The usurpation of farm and forest lands on which the livelihood of millions depends has indeed fomented movements, both of the non-violent and violent genres. Starting from Naxalbari in 1967 to the recent events at Singur and Nandigram in West Bengal can be cited as viable case studies. There has been corruption and thoughtless imposition of industrialization from above. But then people have spoken and acted against these ‘State malfunctions’.
Furthermore Roy laments : “Right now in central India, the Maoists’ guerrilla army is made up almost entirely of desperately poor tribal people living in conditions of such chronic hunger that it verges on famine of the kind we only associate with sub-Saharan Africa”.
This is another exaggeration to its limit. Roy should present proper data in order to corroborate her assertions. True, there is poverty, hunger and malnutrition in India, even after six decades of independence. Officially speaking, about one-third of the total population of the nation is ‘under the poverty line’ whereas probably another major chunk is fighting to survive. But that does not necessarily make India comparable to sub-Saharan Africa ! If that had indeed been the case, then India would not have sent the Chandrayaan to space or exported its software knowledge to that continent.
And Roy continues, “They are people who, even after 60 years of India’s so-called independence, have not had access to education, healthcare or legal redress.”
First, let us harp on the concept of the ‘so-called independence’ of India.

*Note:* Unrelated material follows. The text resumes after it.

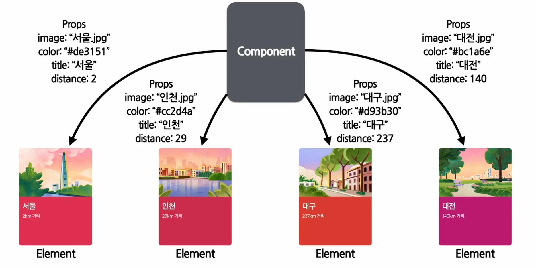 자바스크립트 객체에는 컴포넌트에 전달할 다양한 정보를 담고 있다.

This phrase has reverberated through decades, starting from the ranting by the Communist Party of India right after 1947. But the sheer ambivalence of the Party regarding the definition of the term has manifested with time. To rebuke the government for its failures in order to usher in change and better governance is a welcome step, but not at the cost of jeopardizing ‘National Sentiments’. Roy should realize that casting aspersions in a blatant manner on the Indian government in international media generally boomerangs on oneself. Populism at national cost is unacceptable.
On the other hand, it needs to be remembered that the Indian authorities have vacillated to an uncanny degree in combating the Maoists and faltered in their analysis in distilling the tribal elements from the ‘ruffians’. Hence further alienation with the ‘grass-roots’ has occurred with time.

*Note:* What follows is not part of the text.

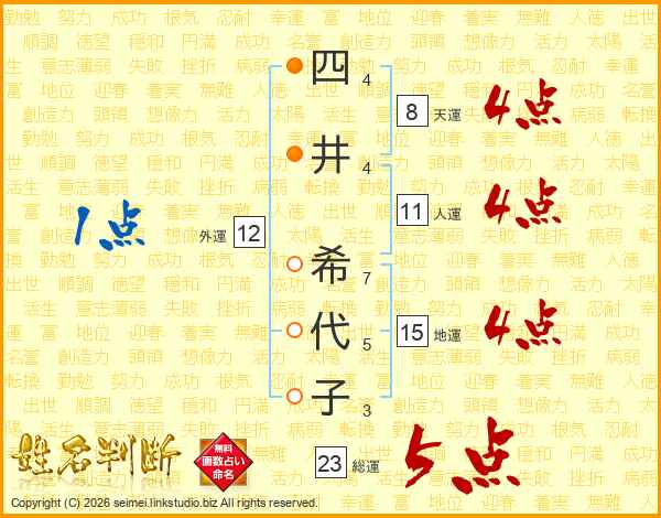 四(4画)井(4画) 希(7画)代(5画)子(3画)

One fails to gauge why Roy is not joining the ranks of the Maoists when we come across the line; “Their journey back to a semblance of dignity is due in large part to the Maoist cadre who have lived and worked and fought by their side for decades.”
Arundhati Roy fails to mention, inter alia, about the Right to Information Act (2005) or the National Rural Employment Guarantee Act (NREGA) which have made independent India proud. On most occasions, she looks at the other side of the coin. She goes for excessive ‘demonisation’ of the government and puts forward wrong data through the argument; “To get the bauxite out of the flat-topped hills, to get iron ore out from under the forest floor, to get 85 per cent of India’s people off their land and into the cities”. It is well known that about 67 per cent of Indians live in the countryside, and not 85 per cent as Roy comments.
One thing is crystal clear though. She is definitely against Operation Green Hunt. She advocates talks with the Maoists. But she does not bring out the negative fallouts of an armed rebellion. What are the solutions offered by Roy? Apart from talks with the Maoists, she does not offer any further clue. I guess Roy is vehemently trying to dissuade the government not to subscribe to Jeremy Bentham’s Utilitarianism or fall into the trap of Neo-Liberalism.
A few words of caution are probably the fallout of this autopsy. The administration needs to reorient its thoughts and be more pro-people. To do so, it shall require overhauling of the machinery at some level and repairing at other levels. Nonetheless, intelligentsia too needs to put a restraint on their verbosity. It would not only be mutually beneficial, but also a catalyst for democracy and for the development of the ‘tribals’ on the whole.